**Required work:** Copying rule for the data below: take the line containing "Forest With Cows" and every line after it to the end, exactly, and drop all pictures.

**Stored data:**
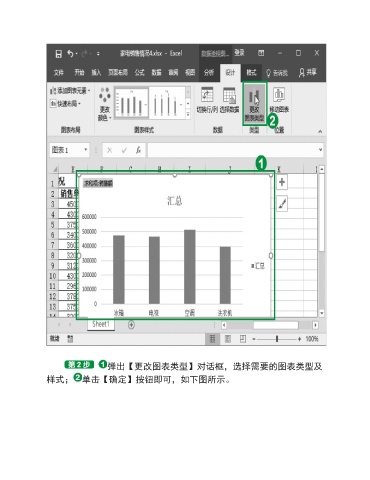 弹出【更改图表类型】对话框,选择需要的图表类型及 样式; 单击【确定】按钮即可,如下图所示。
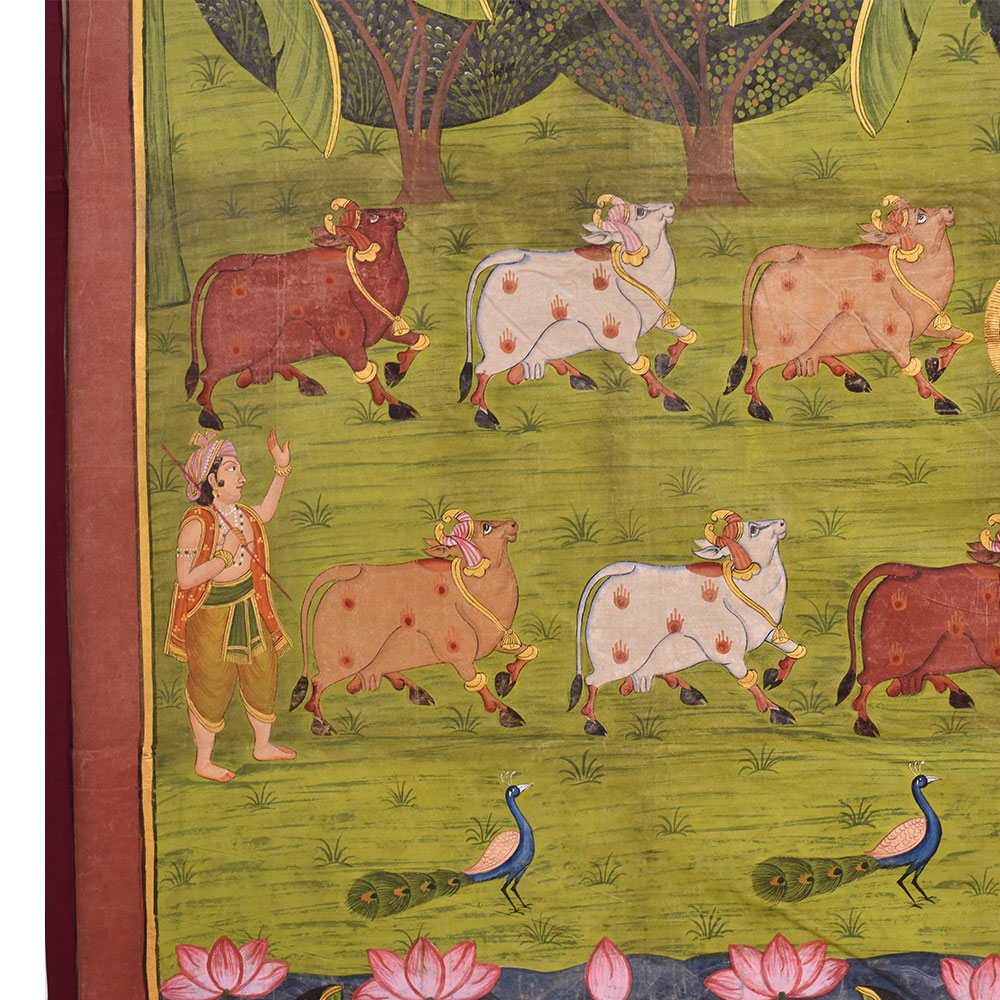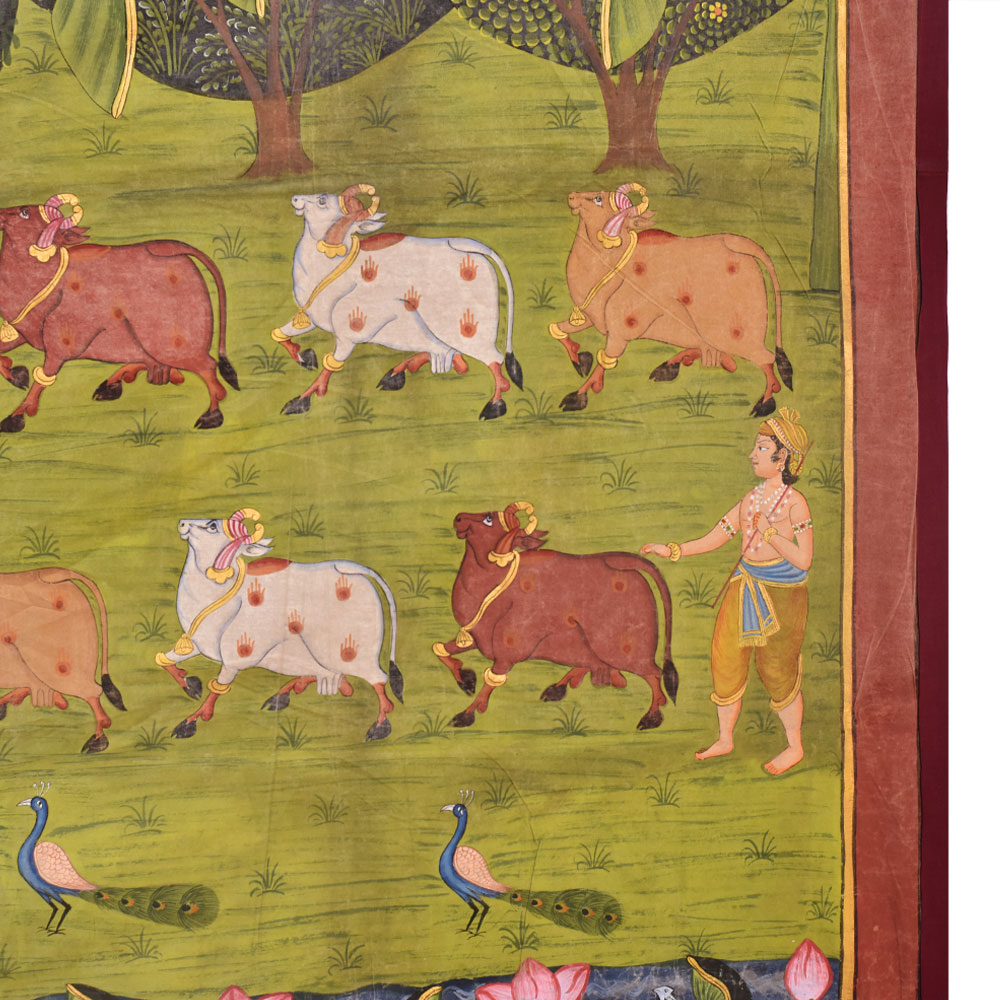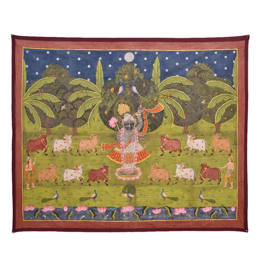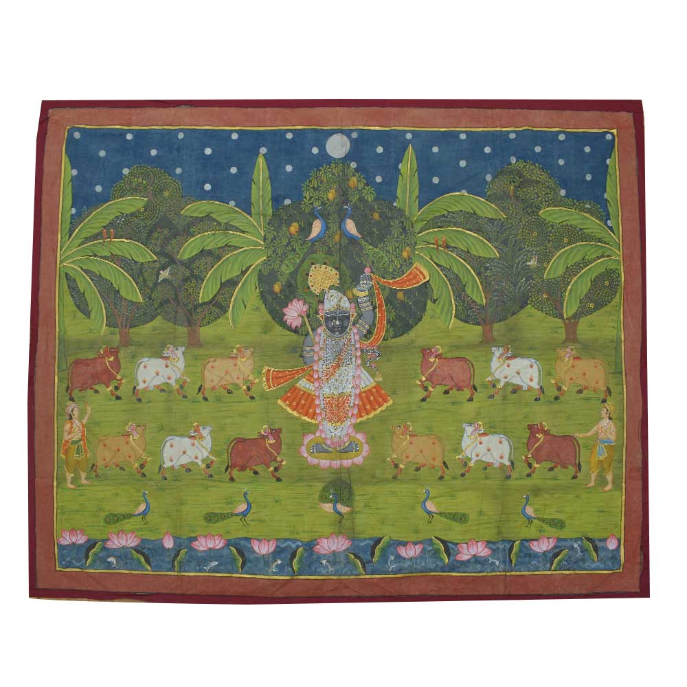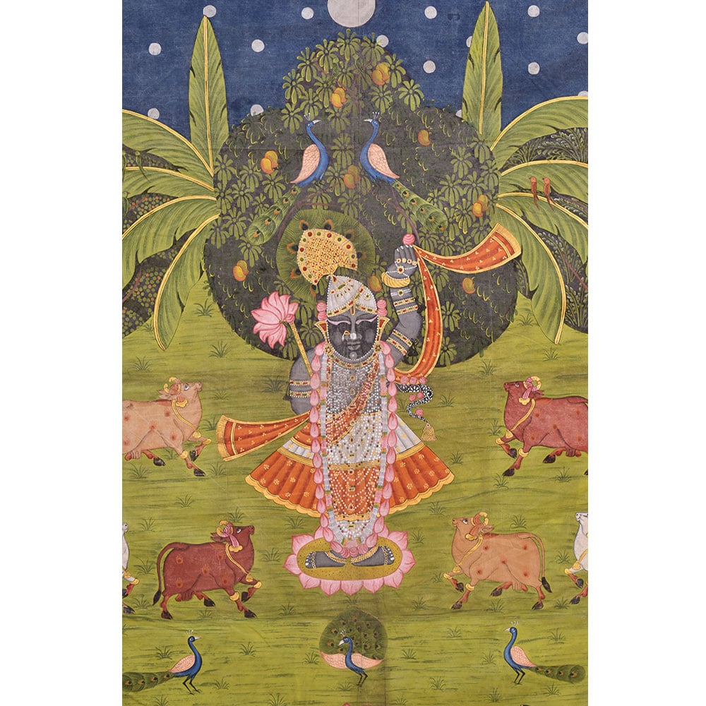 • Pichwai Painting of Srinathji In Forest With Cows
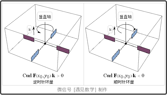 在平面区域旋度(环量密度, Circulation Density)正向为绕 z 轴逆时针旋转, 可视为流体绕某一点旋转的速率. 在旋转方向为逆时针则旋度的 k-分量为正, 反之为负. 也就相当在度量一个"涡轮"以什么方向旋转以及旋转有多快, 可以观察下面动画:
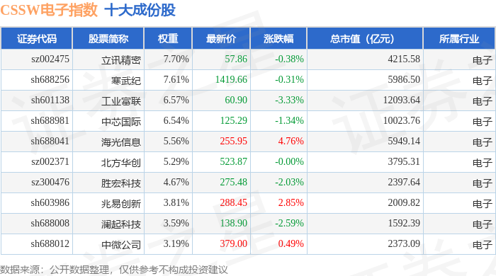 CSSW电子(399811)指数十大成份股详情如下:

**Result of this exercise:**
 • Pichwai Painting of Srinathji In Forest With Cows
 在平面区域旋度(环量密度, Circulation Density)正向为绕 z 轴逆时针旋转, 可视为流体绕某一点旋转的速率. 在旋转方向为逆时针则旋度的 k-分量为正, 反之为负. 也就相当在度量一个"涡轮"以什么方向旋转以及旋转有多快, 可以观察下面动画:
 CSSW电子(399811)指数十大成份股详情如下:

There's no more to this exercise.